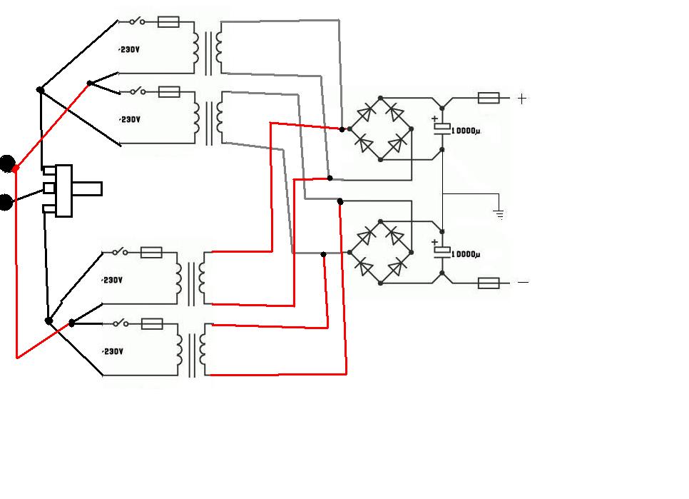 Hello.Jól túlbonyolítottam.Ez így működne olyan képpen hogy más a trafók kimenő feszültsége és így változtassam az erősítő 4 illetve 8 ohm-on való üzemeltetését?Egy 3 állású kapcsolóval lehetne választani hogy melyik trafó(kon) legyen a fesz.Elvileg nem 4 trafó hanem 2 2sec.tekercses trafó lesz.
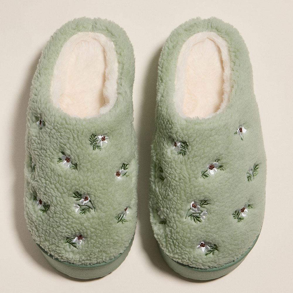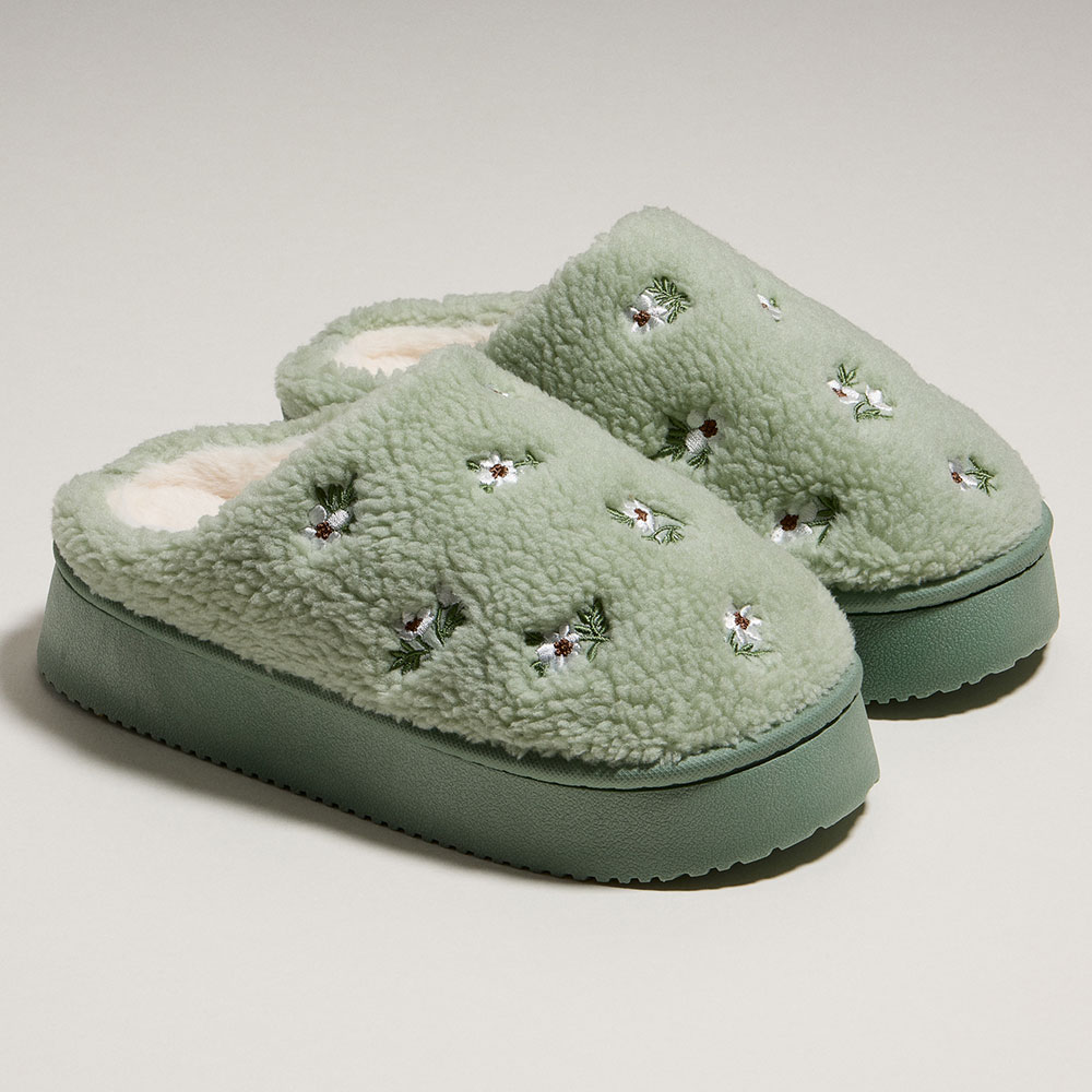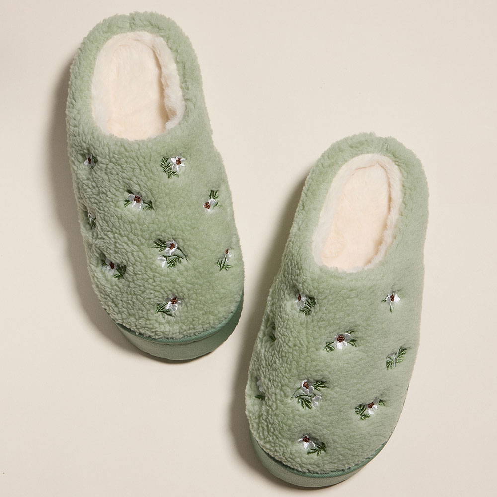 • Step into comfort with these sherpa-lined slippers featuring delicate floral embroidery. Perfect for lounging at home, they offer plush warmth and a charming cottagecore vibe all season long.
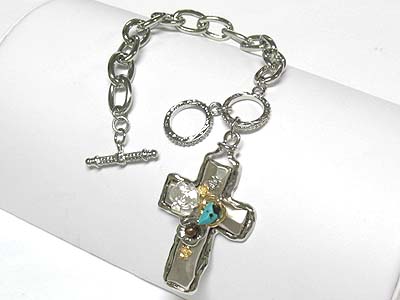 WHOLESALE NATURAL CHIP STONE DECO METAL CROSS CHARM TOGGLE BRACELET 340385
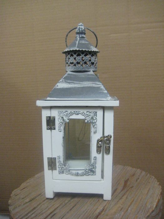 Metallilyhty, jonka koko on 12,5 x 12,5 cm ja korkeus 33,5 cm. Väri antiikinvalkoinen.

══════

**What the exercise asks:** In the material above, retype exactly the lines that run from the one containing "WHOLESALE NATURAL CHIP" through the last line, and keep out the pictures.

**Written answer:**
 WHOLESALE NATURAL CHIP STONE DECO METAL CROSS CHARM TOGGLE BRACELET 340385
 Metallilyhty, jonka koko on 12,5 x 12,5 cm ja korkeus 33,5 cm. Väri antiikinvalkoinen.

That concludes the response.